Lorentzian Vacuum Transitions in Ho\v{r}ava-Lifshitz Gravity

TL;DR

This paper investigates vacuum transition probabilities in Hořava-Lifshitz gravity for a universe with positive curvature, comparing results with general relativity and exploring implications for initial singularity resolution.

Contribution

It provides analytic expressions for vacuum transition probabilities in Hořava-Lifshitz gravity considering scalar fields with different dependencies, extending previous Hamiltonian approaches.

Findings

Infrared limit matches general relativity for scalar fields depending on all spacetime variables.

Ultraviolet limit shows opposite behavior to general relativity.

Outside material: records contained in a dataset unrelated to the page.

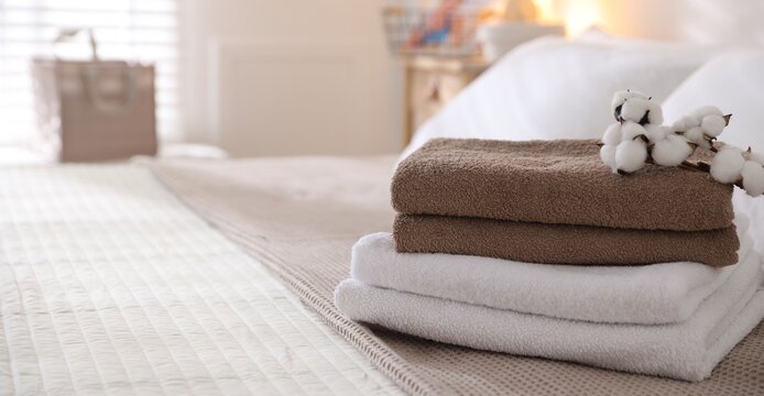 Stack of clean towels and cotton flowers on bed linens at home, closeup. Space for text
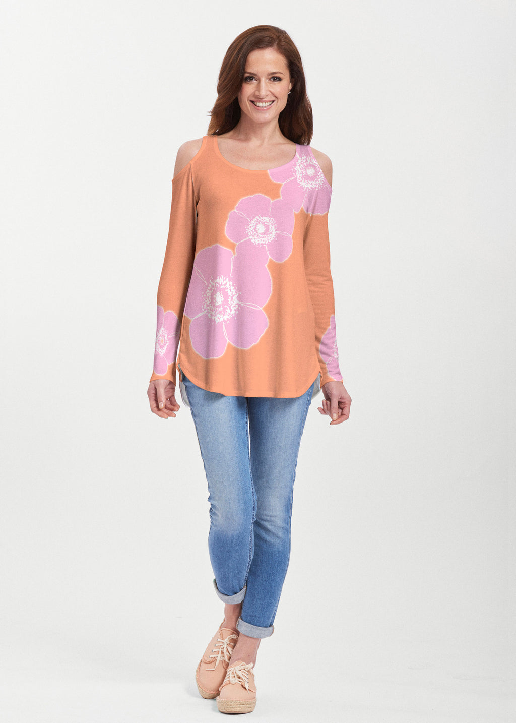 Put on comfort and style with our soft Butterknit Cold Shoulder Tunic. Subtle cut-outs, scoop neck, and long sleeves balance the relaxed shirttail hemline. Approximately 29.5 in. long size M.
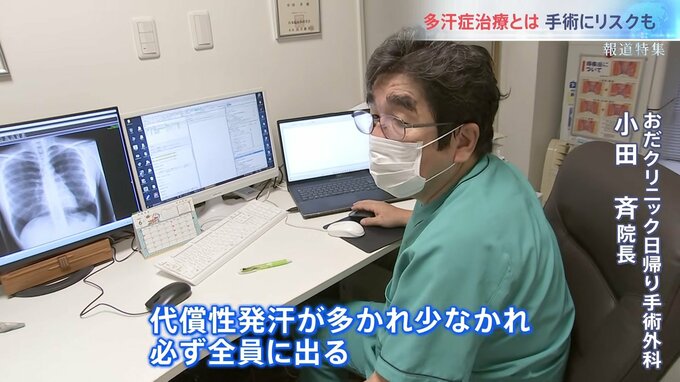 「代償性発汗が多かれ少なかれ必ず全員に出る。その中に、手術を後悔するほどの極端な汗、例えば女性だと夏の暑い日に外出しただけでブラウスがびっしょり濡れるとか。過剰な代償性発汗で手術を後悔する方が実際にいる」
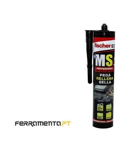 Cola e Veda MS PROFESIONAL Preto 290ml Fischer 540330 Vedante adesivo monocomponente de alto desempenho mecânico, projetado para vedação e colagem de diversos materiais. Tem uma excelente resistência à descoloração devido à exposição a raios U.V. Não contém solventes, silicone ou isocianatos e é inodoro. Aplicável em ...

Scalar field dependence on time only yields similar behavior to general relativity in both limits.

Abstract

The vacuum transition probabilities for a Friedmann-Lema\^itre-Robertson-Walker universe with positive curvature in Ho\v{r}ava-Lifshitz gravity in the presence of a scalar field potential in the Wentzel-Kramers-Brillouin approximation are studied. We use a general procedure to compute such transition probabilities using a Hamiltonian approach to the Wheeler-DeWitt equation presented in a previous work. We consider two situations of scalar fields, one in which the scalar field depends on all the spacetime variables and other in which the scalar field depends only on the time variable. In both cases analytic expressions for the vacuum transition probabilities are obtained and the infrared and ultraviolet limits are discussed for comparison with the result obtained by using general relativity. For the case in which the scalar field depends on all spacetime variables we obtain that in the infrared limit it is possible to obtain a similar behavior as in general relativity, however in the ultraviolet limit the behavior found is completely opposite. Some few comments about possible phenomenological implications of our results are given. One of them is a plausible resolution of the initial singularity. On the other hand for the case in which the scalar field depends only on the time variable, the behavior coincides with that of general relativity in both limits, although in the intermediate region the probability is slightly altered.